**WHAT THE TASK ASKS:**
Transcribe exactly the lines from the first line of the records through the line containing "This hitch cargo", and leave out every picture.

(Saved entries)
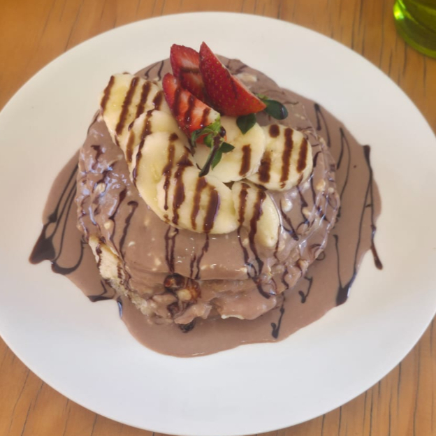 Bañado con salsa de caramelo, plátano, fresas y chocolate
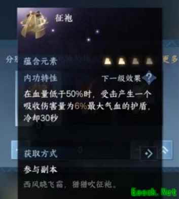 《逆水寒手游》内功自选礼盒各内功效果详解1、征袍: 蕴含元素:土*4 内功特性:在血量低于50%时,受击产生一个吸收伤害量为6%最大气血的护盾,冷却30秒 推荐选择:铁衣/素问 铁衣作为唯一肉盾,征袍在低血量下提供的护盾可以缓解铁衣的生存压力; 素问推荐选择征袍,毕竟再高的奶量如果站不住也将毫无意义;
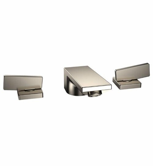 The modern, elegant design of this widespread faucet features solid brass construction and pop-up drain. ADA compliant.
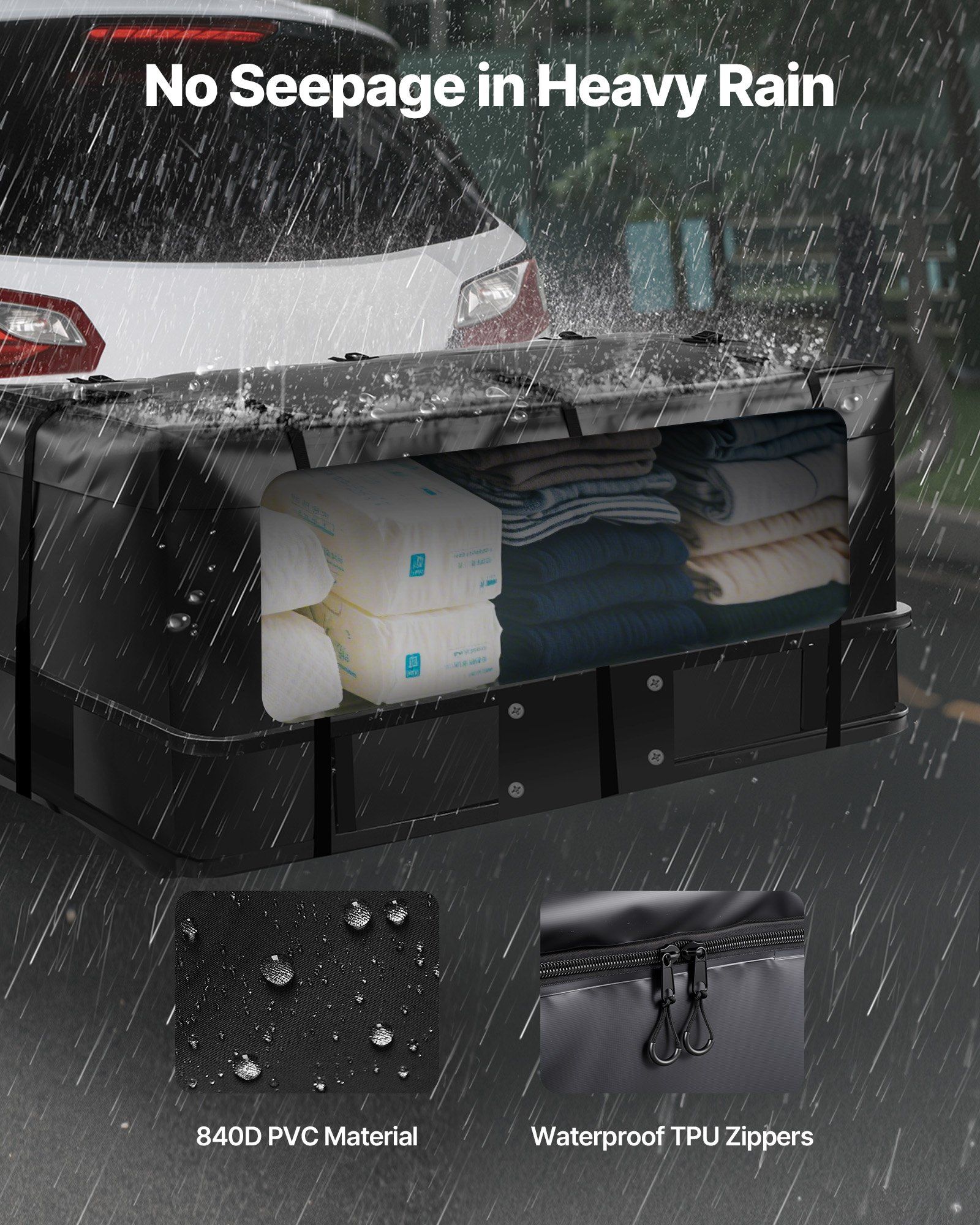 This hitch cargo bag features PVC material and waterproof zippers for double protection, effectively blocking rain and keeping clothes, documents, and sensitive equipment 100% dry and undamaged.
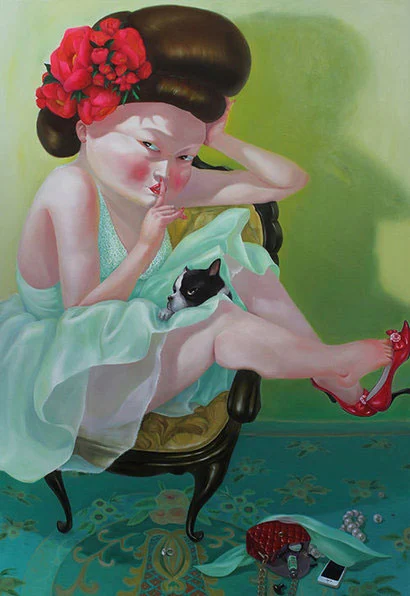 카메라, 또는 감상자를 향해 조용히 하라는 손가락을 들어 보이는 인물은 꽤나 차림새가 화려하다. 한껏 부풀린 머리와 꽃장식에, 아마 직전까진 목에 차고 있었던 듯 바닥에 널브러져 있는 진주 목걸이까지. 무대에 섰던 걸까? 파티를 즐기고 온 걸까? 하지만 이전에 얼마나 화려한 시간을 보냈든 간에 지금은 자신과 똑 닮은 반려 동물과 함께하는 휴식타임이니 그 누구도 이 시간을 방해하면 안 된다는 눈빛이다. 강아지도 외출했다 돌아온 주인과 오붓한 시간을 보내야 하기에, 우리를 방해했다간 가만두지 않겠다는 듯 화면을 흘겨본다. 흘김에는 경계의 메시지도 있지만 “너도 내가 부럽지?”라는 목소리도 들리는 듯하다. 둘은 지금 이 순간 완벽한 팀이다.
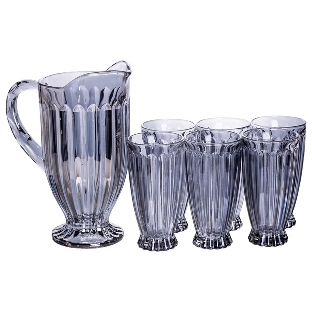 Набір глечик 1 л зі склянками 6 шт 300 мл сірий для подачі води соку лимонаду мохіто для кухні столовий сервіз (577715)
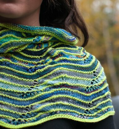 Adventageous Cowl was designed for the fantastic range and variety of colours of Koigu KPPPM and KPM, with a main solid yarn of Koigu KPM. Most any fingering weight (aka 4-ply or sock yarn) in a mix of speckles and semi-solids will work.
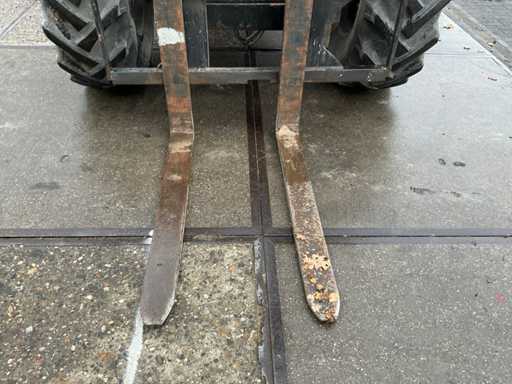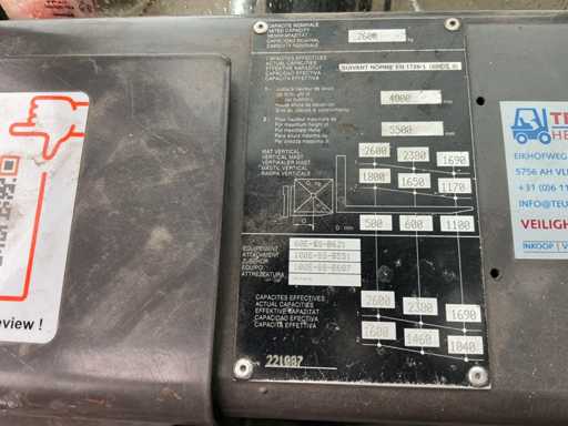 4RM, fourches 1200mm, planche à cuillère 1500mm, mât triple, œil de remorquage à l’arrière, hauteur de levage maximale 5500mm, capacité maximale de levage 2600kg, les autocollants publicitaires seront retirés lors de la vente
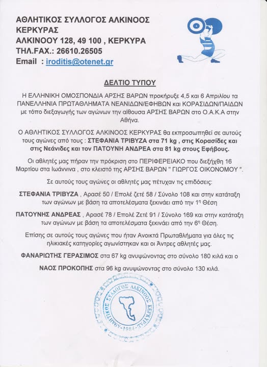 Το κερκυραϊκό σωματείο θα εκπροσωπηθεί στο Πανελλήνιο Ε/Ν και Π/Κ από τη Στεφανία Τριβυζά στις Κορασίδες και στις Νεανίδες και τον Ανδρέα Πατούνη στους Εφήβους.
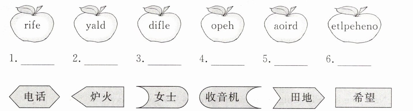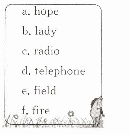 1. fire,炉火 2. lady,女士 3. field,田地 4. hope,希望 5. radio,收音机 6. telephone,电话

**REPLY TO THE EXERCISE:**
 Bañado con salsa de caramelo, plátano, fresas y chocolate
 《逆水寒手游》内功自选礼盒各内功效果详解1、征袍: 蕴含元素:土*4 内功特性:在血量低于50%时,受击产生一个吸收伤害量为6%最大气血的护盾,冷却30秒 推荐选择:铁衣/素问 铁衣作为唯一肉盾,征袍在低血量下提供的护盾可以缓解铁衣的生存压力; 素问推荐选择征袍,毕竟再高的奶量如果站不住也将毫无意义;
 The modern, elegant design of this widespread faucet features solid brass construction and pop-up drain. ADA compliant.
 This hitch cargo bag features PVC material and waterproof zippers for double protection, effectively blocking rain and keeping clothes, documents, and sensitive equipment 100% dry and undamaged.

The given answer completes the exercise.